The second deduction that comes to mind when thinking about taxes and children are sports and activity fees. I’m sure you may have caught a commercial on the radio or T.V recently but did you really understand what they were trying to tell you? Here on some of the basic rules from the CRA (this includes the Fitness Tax Credit and the Children’s Art Credit):

a) Since 2007, a non-refundable tax credit has been available for eligible fitness expenses paid to register a child in a prescribed program of physical activity. The credit lets a parent claim up to $500 a year for each child under 16 years of age or under 18 years of age if eligible for the disability tax credit, at the beginning of the year in which an eligible fitness expense was paid. Expenses must be claimed in the same year they were paid. Children with disabilities are eligible for an additional credit. Always ask for a receipt when registering your child. The organizations providing the program will determine the part of the fee that qualifies for the children’s fitness amount.

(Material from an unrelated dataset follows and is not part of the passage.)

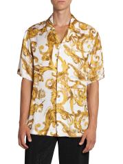 صُمم هذا القميص قصير الأكمام من فيرساتشي جينز في إيطاليا بطبعة مستوحاة من الطراز الباروكي.طوق المخيم أكمام قصيرة إغلاق بأزرار أمامية فيسكوز 100% تنظيف جاف صُنع في إيطاليا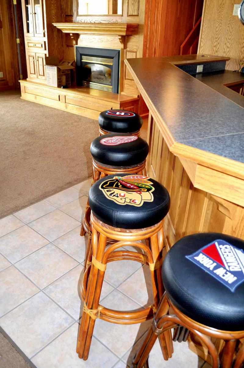 A wet bar built of oak includes stools upholstered with the logos of NHL teams; a round coffee table resembling a puck has the logos of the six original NHL squads on its top.

b) Parents will be able to claim the 15-per-cent non-refundable Children's Arts Tax Credit on up to $500 of qualifying expenses per child incurred in 2011 and future years for a child who is under age 16 at the beginning of the tax year. The age limit will be 18 for children eligible for the Disability Tax Credit, and an additional $500 amount will be provided in those instances.

To qualify for the Children's Arts Tax Credit, a program must be:

• ongoing (either a minimum of once a week for at least eight weeks' duration, or five consecutive days);
• supervised; and
• suitable for children.

There a quite a few deductions available to you whether you have children or not. Feel free to visit cra-arc.gc.ca where you can find links and articles to all available deductions and tax tips. Also you may want to visit HERE to see the top 10 missed deductions, some you might not be taking advantage of. Tax time may only come once a year however every day of the year we are working towards it. Hang on to your receipts and if in doubt take them to your tax preparer they will tell you if they are eligible deductions or not.